Остаток дня они провели во взаимных излияниях души. Раньше, когда он спросил у Елены, какие были ее цвета, а она ответила, что зеленый, он принял определенное решение.
И это решение он объяснил Елене теперь.
Вот, что он сказал.
Он попросит у своего полковника недельный отпуск, так как военные действия, конечно, не начнутся раньше чем через неделю.
Чтобы проехать к себе в горы, где он был истинным королем, ему едва понадобится, может быть, часов двадцать. Там, помимо двадцати двух гвардейцев, что были у него на службе, он соберет семьдесят восемь отборных, лучших штирийских стрелков. Он оденет их в такие мундиры, какой и сам обычно носил во время охоты, вооружит их лучшими карабинами, какие только сможет отыскать, затем выйдет в отставку с поста капитана лихтенштейнских егерей и попросит императора назначить его капитаном вольной роты. Будучи сам превосходным стрелком, он но главе ста человек, славящихся своей сноровкой, мог бы добиться на войне таких результатов, каких никогда бы не смог достичь, оставаясь в полку под командой полковника.

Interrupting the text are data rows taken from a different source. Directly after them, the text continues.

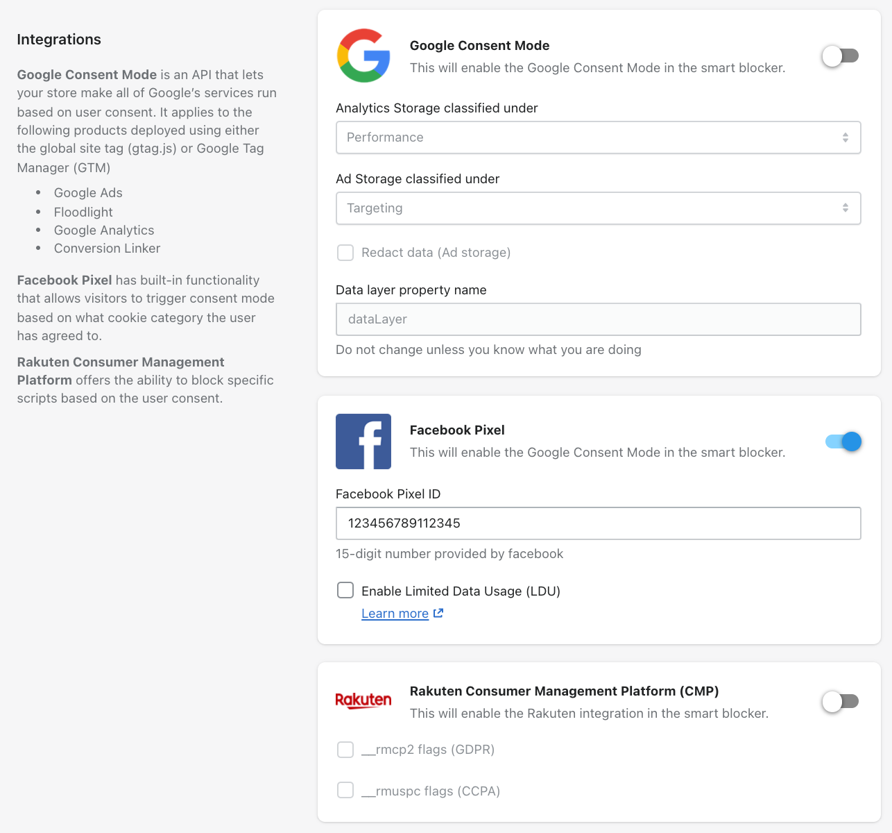 Make your store be compatible with Google, Facebook, Rakuten and Shopify about GDPR/CCPA compliancy without caring about the technical details.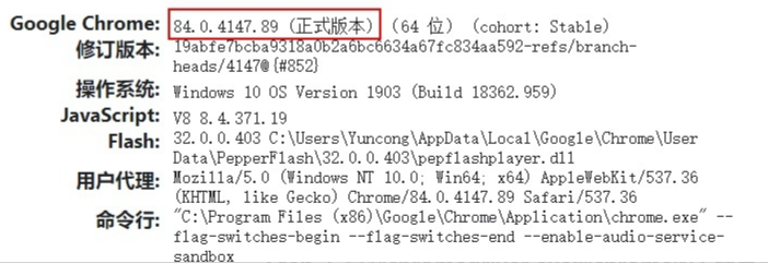 注意需要下载和chrome浏览器相同版本的driver 在Chrome浏览器地址栏输入chrome://version/ 回车后页面会显示浏览器版本和安装目录。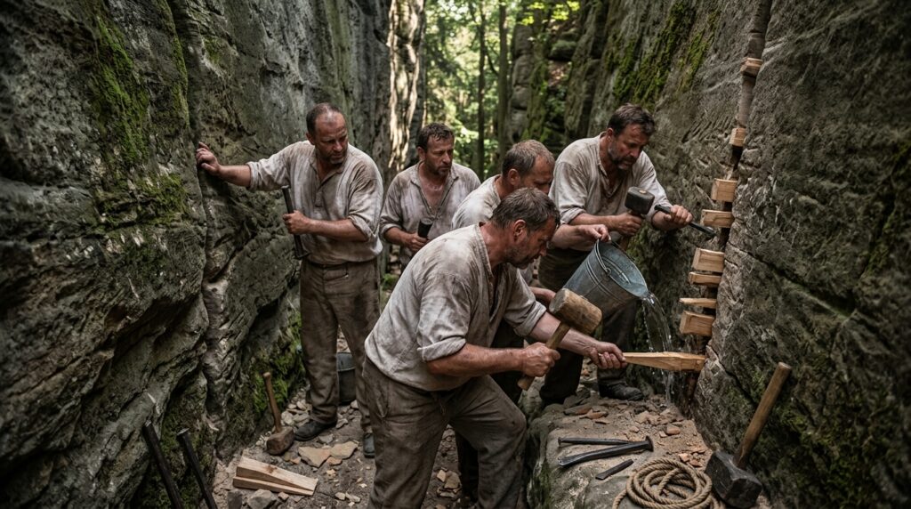 Představte si tu vizuálně i fyzicky drásavou scénu: Je parné léto. V úzké, stinné rokli pod Hrubou Skálou se tísní skupina pěti mužů v hrubých, propocených lněných košilích. V lomu se nehne ani lístek, vzduch se tetelí horkem. Nemají k dispozici absolutně žádnou techniku, žádné dynamitové nálože (které by pískovec beztak jen znehodnotily na drť), žádné respirátory. Mají jen železná dláta, obrovské dřevěné palice, suché bukové klíny a vodu. Muži vysekají do skály hluboké drážky, natlučou do nich vysušené dřevo a začnou ho polévat vodou. Dřevo začne pomalu bobtnat. Ta tichá, nezadržitelná expanzivní síla po několika hodinách s děsivým, ohlušujícím praskotem – který zněl jako výstřel z děla – odtrhne mnohatunový blok.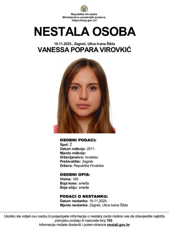 Четиринаесетгодишно девојче од Загреб е исчезнато од вчера вечер. Според нејзината мајка, таа последен пат била видена во близина на училишното игралиште во населбата Травно околу 20 часот синоќа. Оттогаш нејзиниот мобилен телефон е исклучен.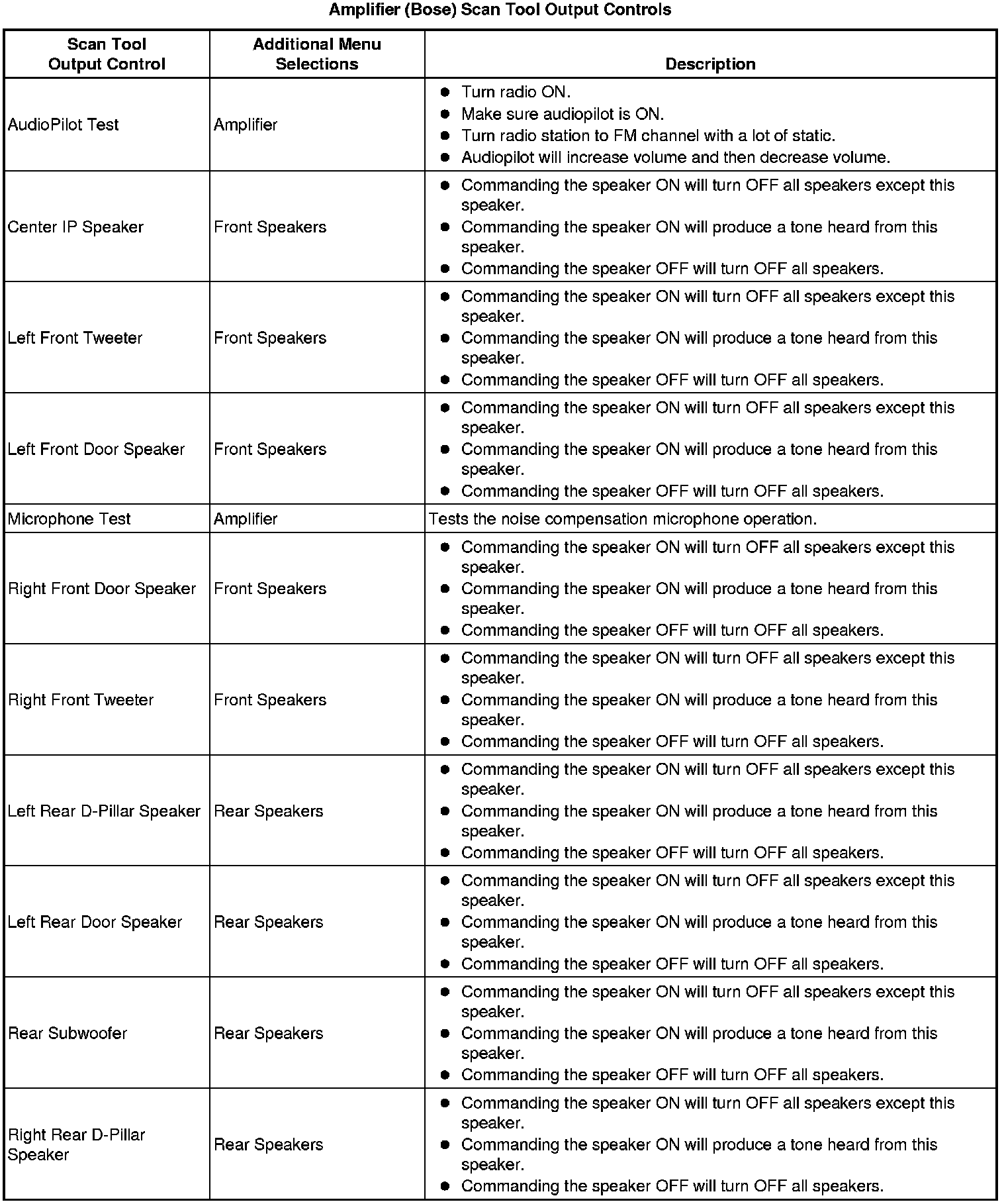 Radio Speaker Amplifier Scan Tool Information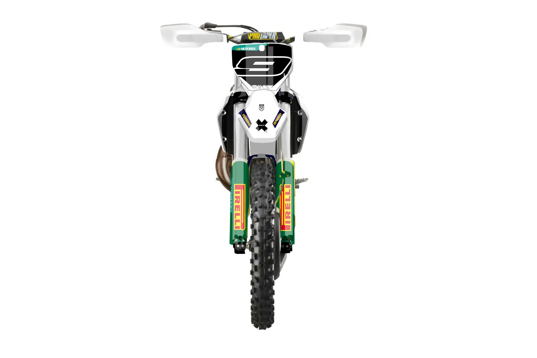 «Thrive» — готовый комплект графики серии Maverick для Husqvarna Enduro Graphic Kit Husqvarna TX 300 2019. В комплекте: графика на бак и боковые облицовки, крылья (переднее и заднее), передний щиток, номерные таблички, защита вилки. Материал: ПВХ-винил 80 мкр с холодной ламинацией 300 мкр, общая толщина 380 мкр; покрытие глянцевое или матовое на выбор. Устойчив к UV-излучению, воде, бензину и мойке высокого давления. Клей акриловый на сольвентной основе — постоянный, для гибких пластиков. На простых поверхностях монтируется без нагрева; для сложных изгибов рекомендуем фен. Этот пресет можно заказать как есть или взять за основу в конструкторе: поменять цвета, добавить стартовый номер и свой бренд. Производство — 3–5 рабочих дней, доставка по России СДЭКом или Почтой, по СНГ — курьерскими службами.

В этом плане было и другое преимущество. Оказавшись командиром вольной роты, Карл получал свободу передвижения. Такая партизанская война не привязывала бы его к тому или иному войсковому соединению. Он мог бы сражаться по своему усмотрению, при этом принося врагу как можно больше зла, и отдавал бы отчет в своих действиях только самому императору.
Таким образом, он сможет не удаляться от Франкфурта, то есть единственного города, который будет существовать для него в этом мире, потому что именно в нем живет Елена.

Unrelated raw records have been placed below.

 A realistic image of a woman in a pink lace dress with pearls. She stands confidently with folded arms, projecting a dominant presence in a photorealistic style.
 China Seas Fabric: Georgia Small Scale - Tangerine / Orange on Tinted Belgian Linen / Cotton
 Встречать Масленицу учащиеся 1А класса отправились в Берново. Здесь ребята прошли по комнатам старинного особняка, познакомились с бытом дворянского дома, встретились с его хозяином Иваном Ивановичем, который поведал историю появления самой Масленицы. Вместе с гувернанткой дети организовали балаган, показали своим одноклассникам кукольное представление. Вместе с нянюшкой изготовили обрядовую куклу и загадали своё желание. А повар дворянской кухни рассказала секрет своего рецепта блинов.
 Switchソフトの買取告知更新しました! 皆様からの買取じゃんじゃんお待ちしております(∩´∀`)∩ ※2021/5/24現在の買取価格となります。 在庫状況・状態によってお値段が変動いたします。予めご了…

Ведь сердце находится не там, где оно бьется, а там, где оно любит.
Прусский план кампании состоял в том, чтобы заключить Германию как бы в полукруг; бросить друг на друга королей, великих герцогов, князей и народы; пройти маршем с запада на восток и, безусловно, вести бои в Гессене, в герцогстве Баденском и в Баварии — в местах, расположенных вблизи Франкфурта.
Там Карл и будет сражаться; а потом, в конце концов, имея при себе хороших лазутчиков, он всегда сможет знать, где находится его свояк, и не будет рисковать встретиться с ним.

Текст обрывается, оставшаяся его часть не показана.